Results: Of 42 patients (41%) with PIK3CA/AKT1/PTEN-altered tumors, 26 had an activating mutation in PIK3CA or AKT1 and 16 had an alteration in PTEN. Patients with PIK3CA- and AKT1-mutant tumors were enriched in the BL2 and LAR TNBC subtypes, whereas those with PTEN-altered tumors were enriched in the BL1 subtype. An internal analysis of the publicly available METABRIC dataset yielded similar results. PTEN alterations were also associated with reduced levels of stromal TILs compared with PIK3CA/AKT1-mutant and PIK3CA/AKT1/PTEN non-altered tumors. In an exploratory analysis of the 26 patients with PIK3CA/AKT1-mutant tumors, the effect of adding IPAT was particularly pronounced (PFS HR: 0.24 [95% CI: 0.06–0.83]; median PFS 12.9 months in the IPAT + PAC arm vs 5.0 months for placebo + PAC); interpretation of efficacy in patients with PTEN-altered tumors was limited by the size of the subgroup.
There was no enrichment of PIK3CA/AKT1/PTEN alterations in metastatic vs primary samples, nor in samples collected after (neo)adjuvant chemotherapy vs from chemotherapy-naïve patients. Additionally, there was no association between PIK3CA/AKT1/PTEN alterations and BRCA1/2 alterations. BRCA1/2 alterations were not associated with any differences in IPAT efficacy outcomes (PFS, objective response rate).
No association was observed between PIK3CA/AKT1/PTEN-altered status and gene signatures of immune cell infiltration/activation or tumor mutational burden. High (≥10%) vs low levels of stromal TILs showed a trend toward longer PFS in patients treated with placebo + PAC (HR: 0.74 [95% CI: 0.39–1.48]), but no difference was apparent in those treated with IPAT + PAC (HR: 1.14 [95% CI: 0.57–2.40]).

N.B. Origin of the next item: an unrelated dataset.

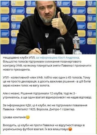 Нещодавно журналіст Констянтин Андріюк повідомляв, що більшість клубів УПЛ підтримали скликання позачергового конгресу УАФ, де планували зняти з посади президента УАФ Андрія Павелка.

Conclusions: This retrospective exploratory biomarker analysis of the phase II LOTUS trial of IPAT in TNBC provides insight into the potential heterogeneity of disease biologies underlying PI3K/Akt pathway activation.

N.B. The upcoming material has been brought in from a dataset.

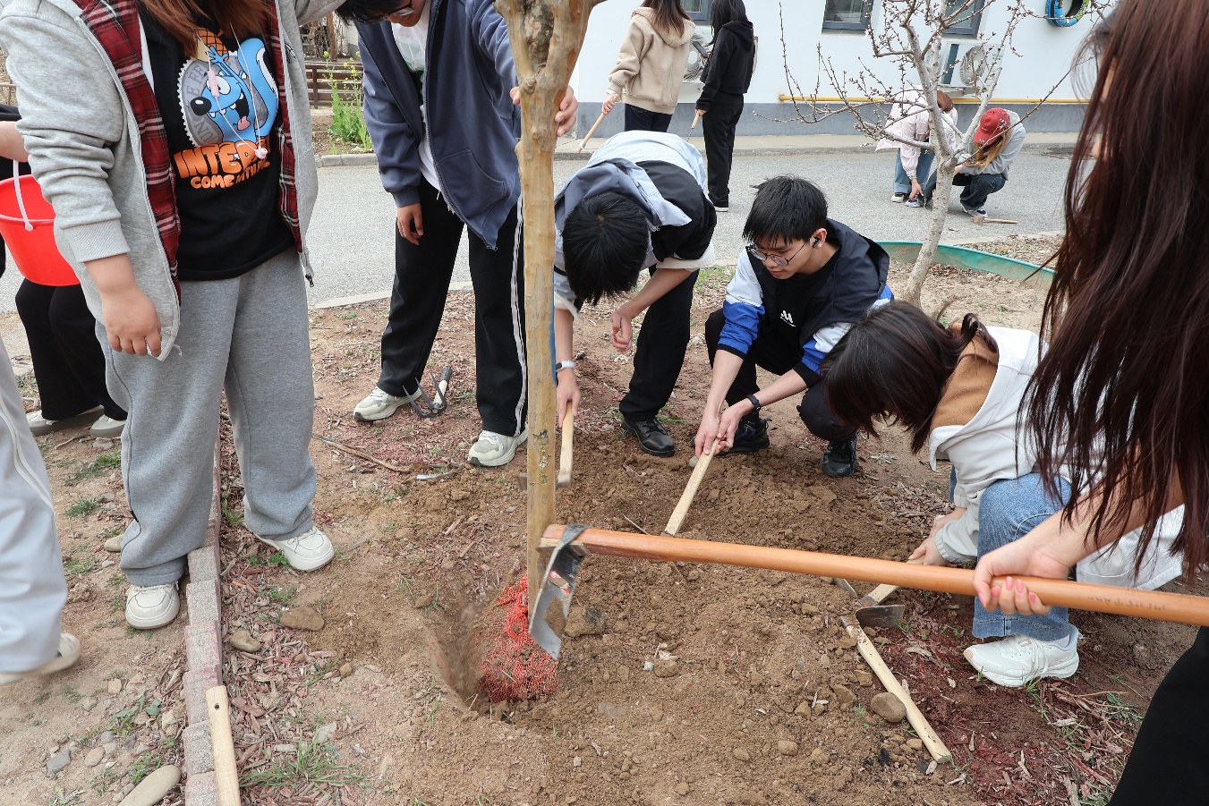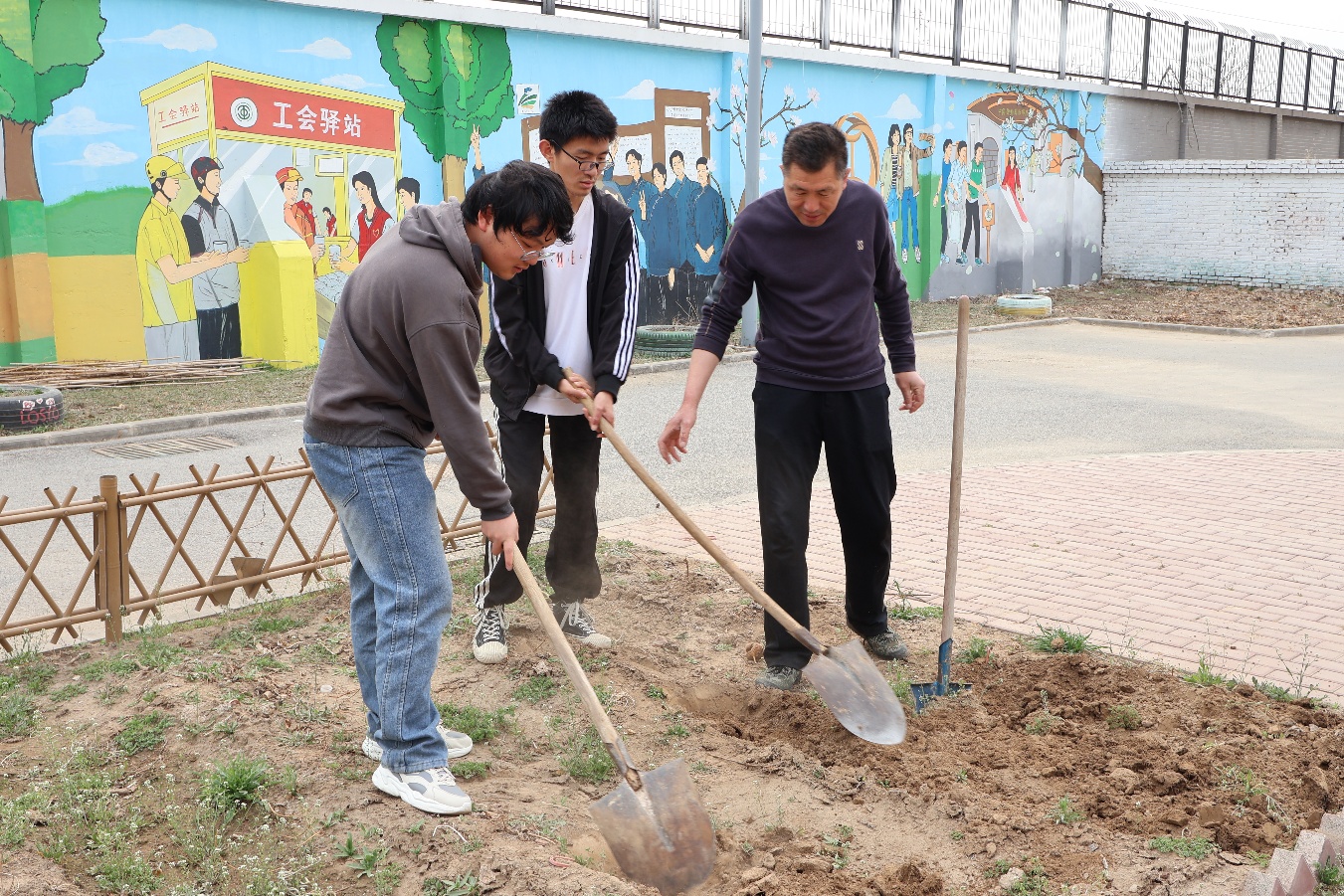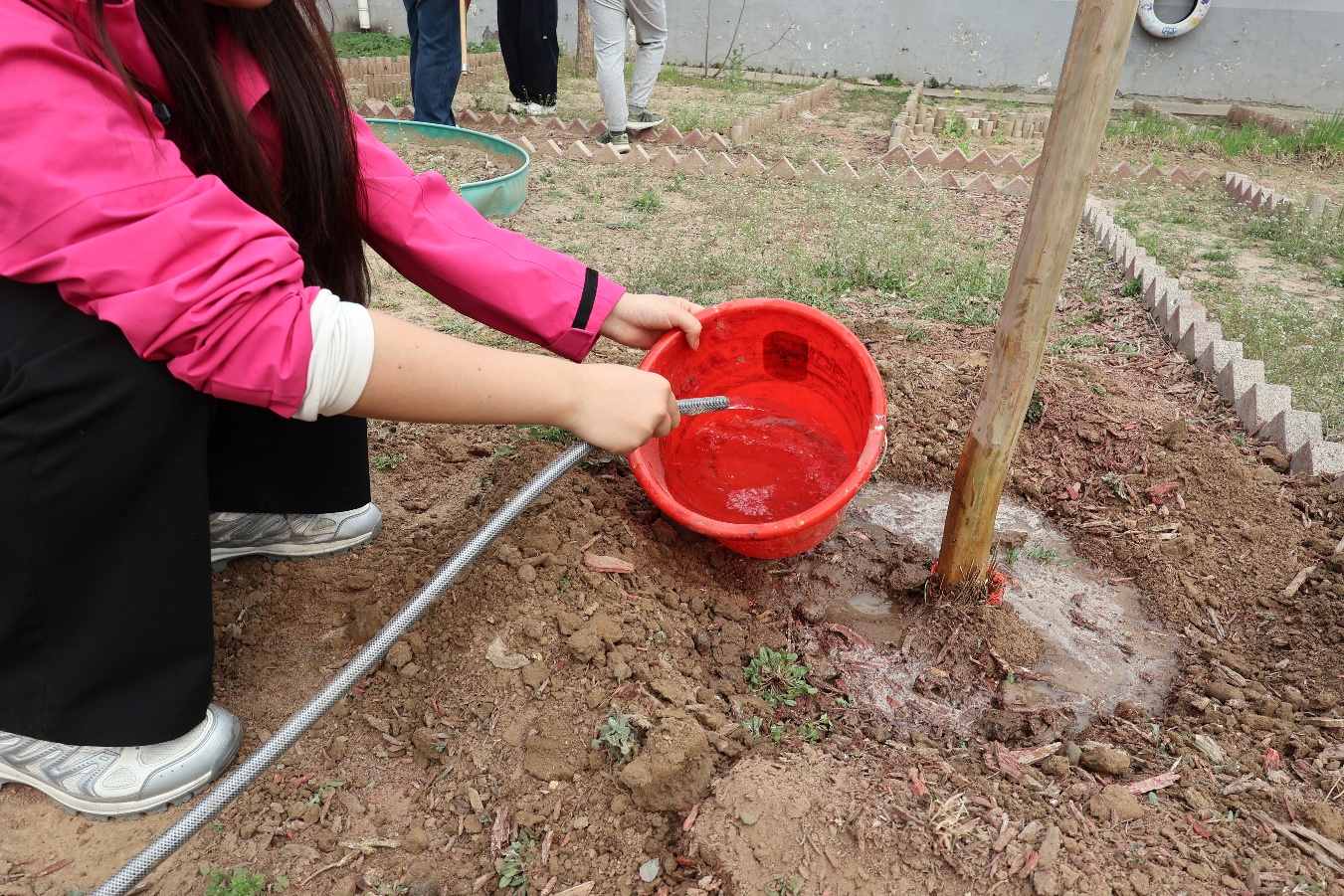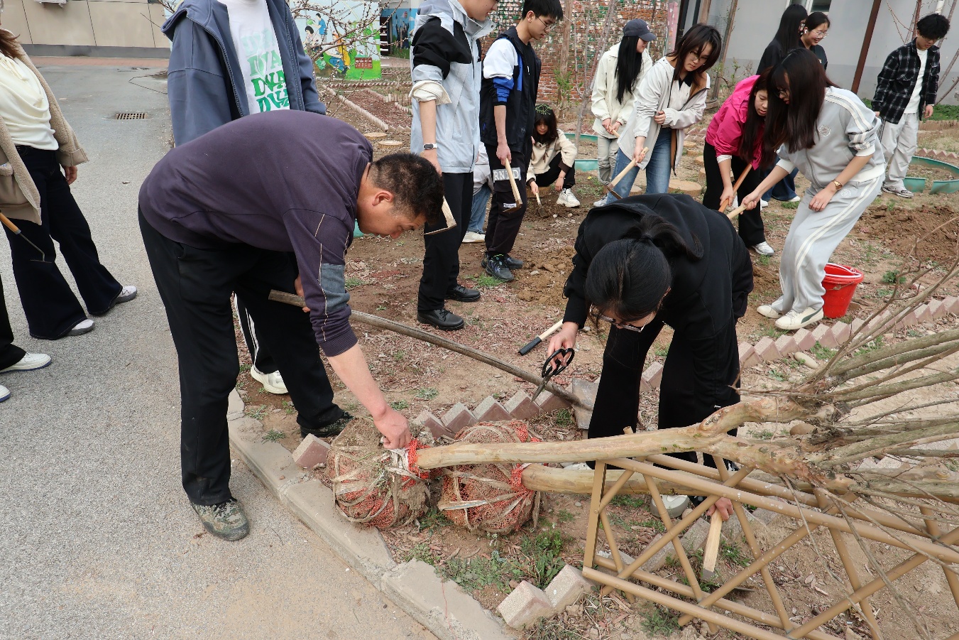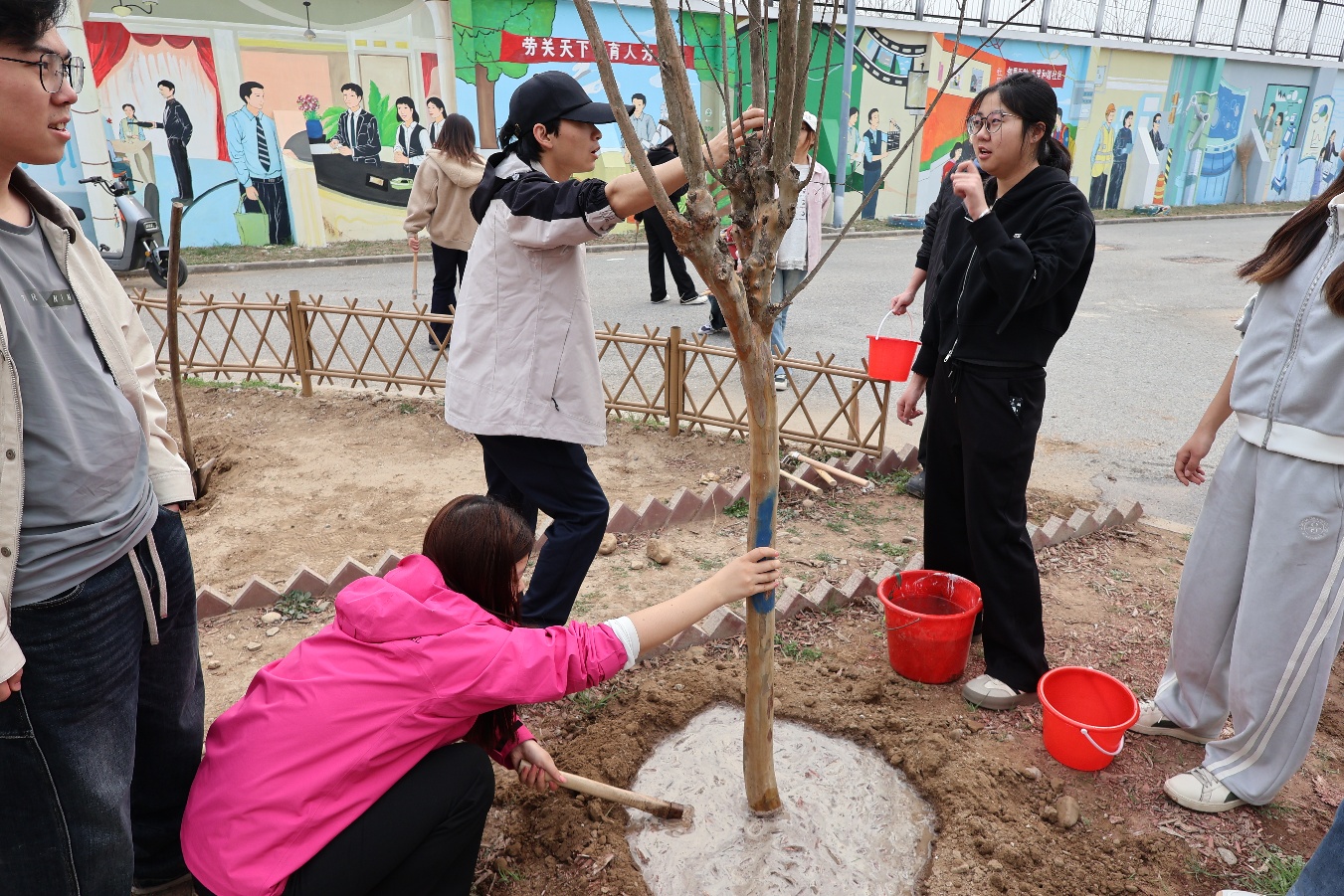 活动伊始,“班树凝心·共筑未来——同植一班树”环节在耕读小院展开。同学们热情高涨,共同参与了挖坑、栽种、培土与浇水等植树环节。在劳动中,大家不仅以亲手种下的班级树见证青春成长,寄托对班集体发展的美好期许,还增进了彼此情谊,以实际行动践行绿色理念,切身感受劳动之美。

Citation Format: Wongchenko MJ, Dent R, Kim S-B, Saura C, Oliveira M, Baselga J, Kapp AV, Chan WY, Singel SM, Maslyar DJ, Gendreau S. Biomarker analysis of the LOTUS trial of first-line ipatasertib (IPAT) + paclitaxel (PAC) in metastatic triple-negative breast cancer (TNBC) [abstract]. In: Proceedings of the 2017 San Antonio Breast Cancer Symposium; 2017 Dec 5-9; San Antonio, TX. Philadelphia (PA): AACR; Cancer Res 2018;78(4 Suppl):Abstract nr P2-09-20.